# [What is needed]
Set down each entry below exactly as written, keeping the pictures out.

# [Source information]
####################
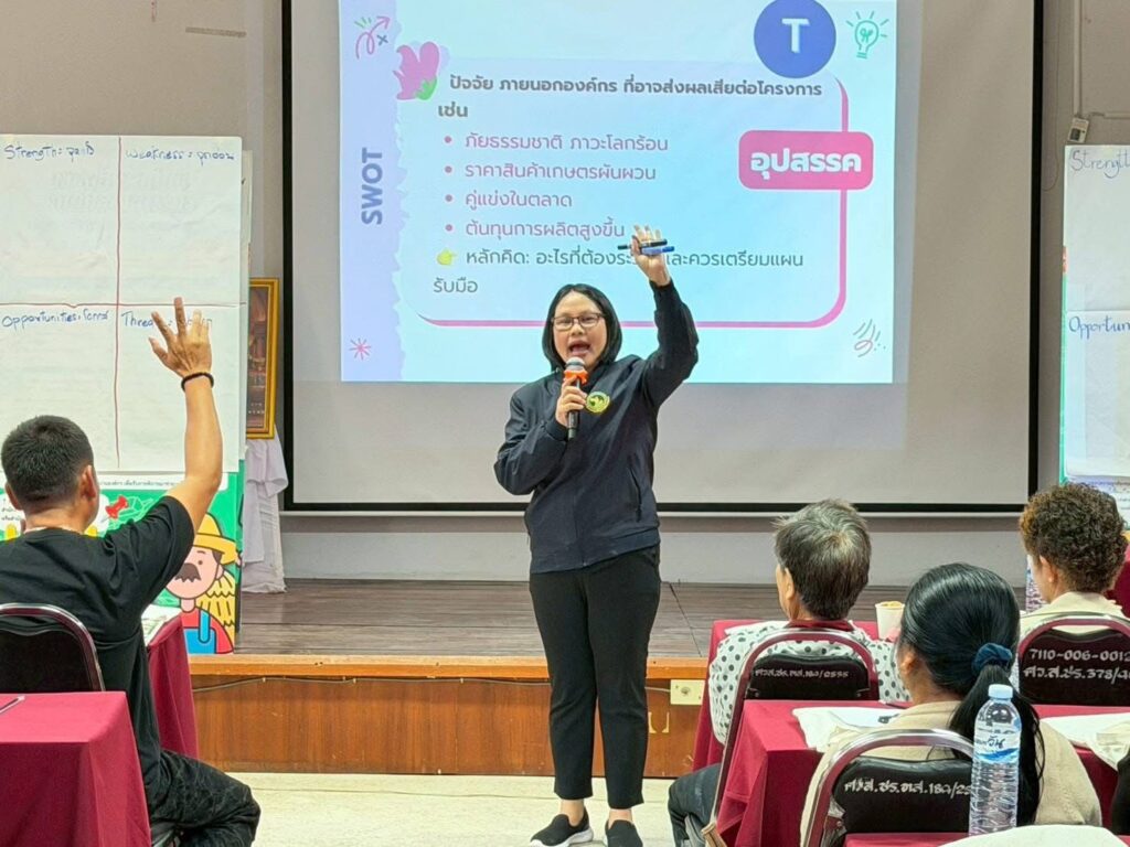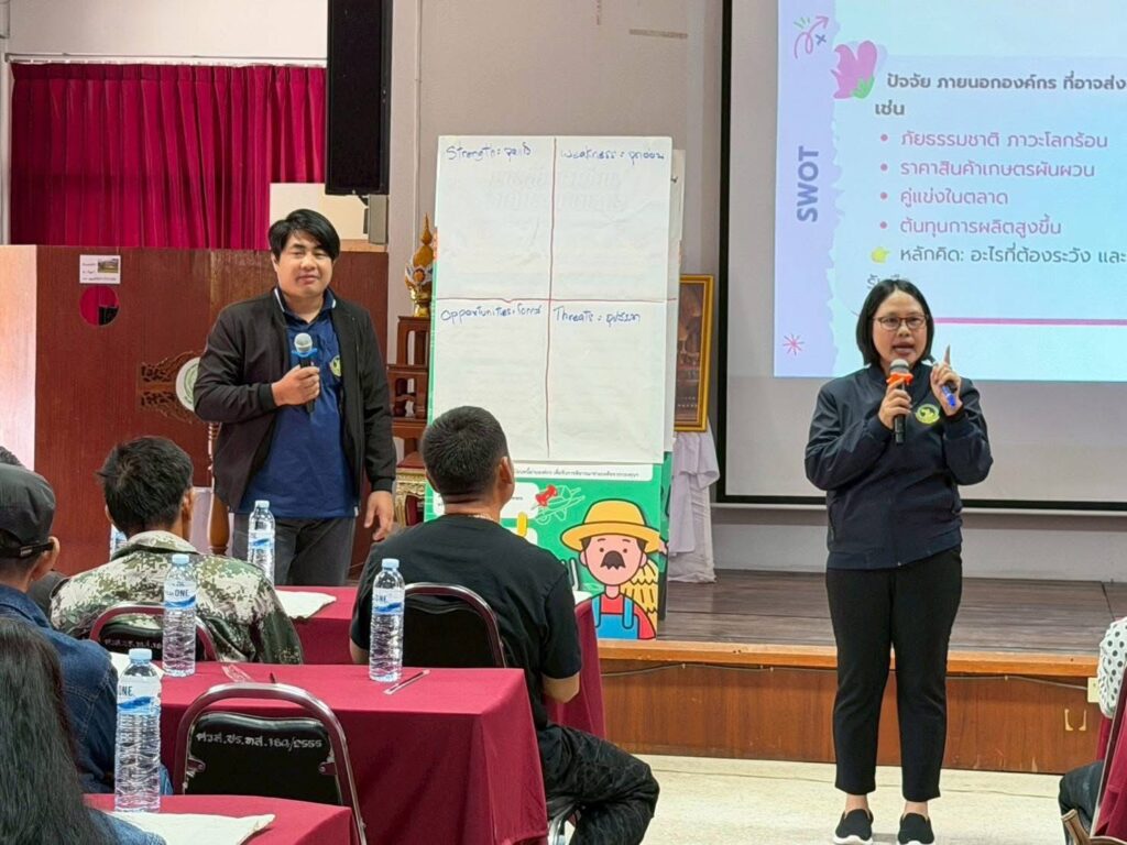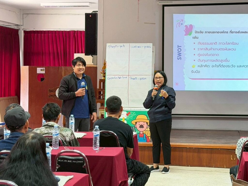 ทั้งนี้ในวันที่สอง ของการอบรม ได้ดำเนินการตามขั้นตอน ชี้แจงประกาศ หลักเกณฑ์ แนวทางการฟื้นฟูและพัฒนาเกษตรกร ปี 2569 การทำ Workshop แนวทางการเสนอแผนและโครงการฟื้นฟูและพัฒนาเกษตรกร โดยใช้ Swot Analysis เป็นเครื่องมือในวิเคราะห์ความเป็นไปได้ของแผนและโครงการฟื้นฟูและพัฒนาเกษตรกร ขององค์กรเกษตรกร การแลกเปลี่ยนเรียนรู้เพื่อการฟื้นฟูและพัฒนาเกษตรกรในเวที พร้อมทั้งประเมินผลการเรียนรู้หลังจากอบรม.
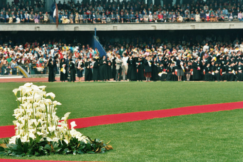 Il pubblico riunito presso lo stadio Bentegodi di Verona in occasione della celebrazione eucaristica di Papa Giovanni Paolo II in visita pastorale
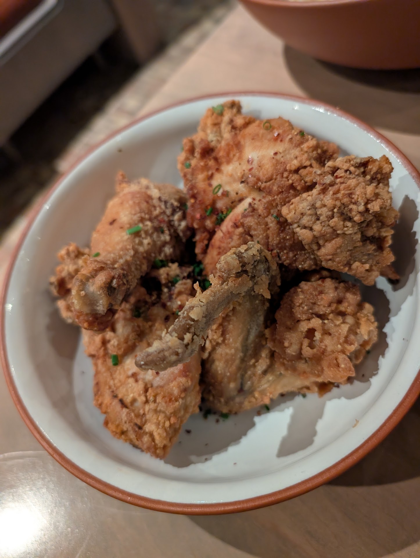 Dinner service was much more tight and efficient, which I anticipated. Simone may be one of the best servers I've ever experienced! She was lively, funny, knowledgeable and personable. We solely ate from the 'shareables' section and I found everything to be portioned well. The dry rub wings was some of the best I've eaten! The seasoning is remarkable - don't change a thing! The duck fat fries were equally delicious. I would've liked the dijonnaise to have a stronger taste with lemon or garlic but I realize that's my personal preference. Next was the curried cauliflower that was served with raita. Although delicious, it wasn't a favorite of the night. Lastly the braised lamb hummus arrived and it was certainly a favorite of the night! The lamb was very tender and the extra crispy chickpeas on top was a great touch! Loved the tender and homemade flat bread that was served with it - amazing!
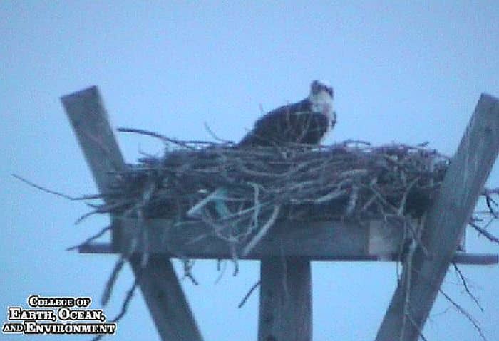 Osprey spotted in nest on the UD camera in Lewes. Click for full view
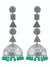 Boho-Kissed Antique Oxidised Silver Pearl Jhumkas with Green Drops for Chic Feminine Flair
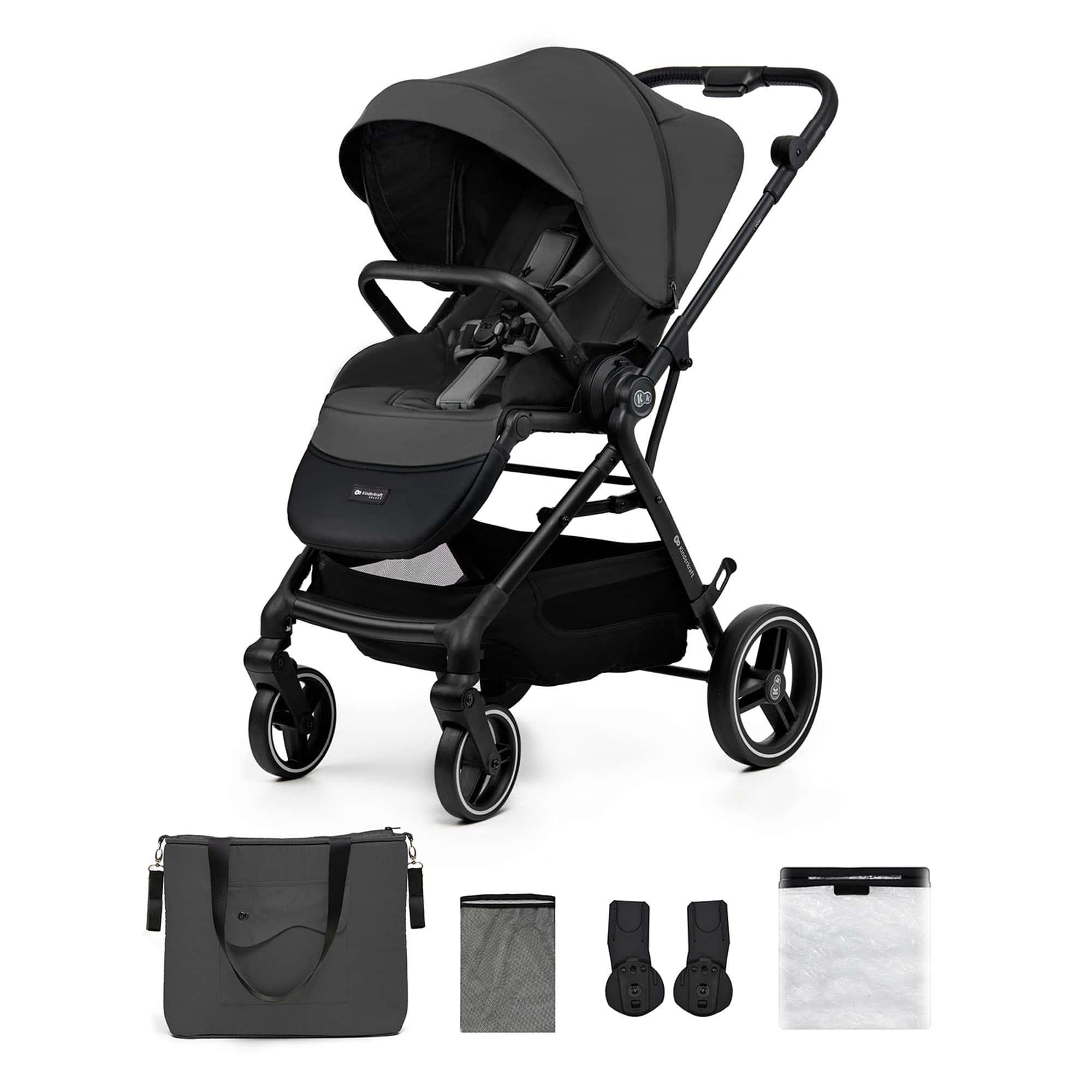 - Accessoires inclus : Moustiquaire, chancelière, film imperméable, porte-gobelet, sac à langer, adaptateurs pour siège auto
####################
# [Written response]
 ทั้งนี้ในวันที่สอง ของการอบรม ได้ดำเนินการตามขั้นตอน ชี้แจงประกาศ หลักเกณฑ์ แนวทางการฟื้นฟูและพัฒนาเกษตรกร ปี 2569 การทำ Workshop แนวทางการเสนอแผนและโครงการฟื้นฟูและพัฒนาเกษตรกร โดยใช้ Swot Analysis เป็นเครื่องมือในวิเคราะห์ความเป็นไปได้ของแผนและโครงการฟื้นฟูและพัฒนาเกษตรกร ขององค์กรเกษตรกร การแลกเปลี่ยนเรียนรู้เพื่อการฟื้นฟูและพัฒนาเกษตรกรในเวที พร้อมทั้งประเมินผลการเรียนรู้หลังจากอบรม.
 Il pubblico riunito presso lo stadio Bentegodi di Verona in occasione della celebrazione eucaristica di Papa Giovanni Paolo II in visita pastorale
 Dinner service was much more tight and efficient, which I anticipated. Simone may be one of the best servers I've ever experienced! She was lively, funny, knowledgeable and personable. We solely ate from the 'shareables' section and I found everything to be portioned well. The dry rub wings was some of the best I've eaten! The seasoning is remarkable - don't change a thing! The duck fat fries were equally delicious. I would've liked the dijonnaise to have a stronger taste with lemon or garlic but I realize that's my personal preference. Next was the curried cauliflower that was served with raita. Although delicious, it wasn't a favorite of the night. Lastly the braised lamb hummus arrived and it was certainly a favorite of the night! The lamb was very tender and the extra crispy chickpeas on top was a great touch! Loved the tender and homemade flat bread that was served with it - amazing!
 Osprey spotted in nest on the UD camera in Lewes. Click for full view
 Boho-Kissed Antique Oxidised Silver Pearl Jhumkas with Green Drops for Chic Feminine Flair
 - Accessoires inclus : Moustiquaire, chancelière, film imperméable, porte-gobelet, sac à langer, adaptateurs pour siège auto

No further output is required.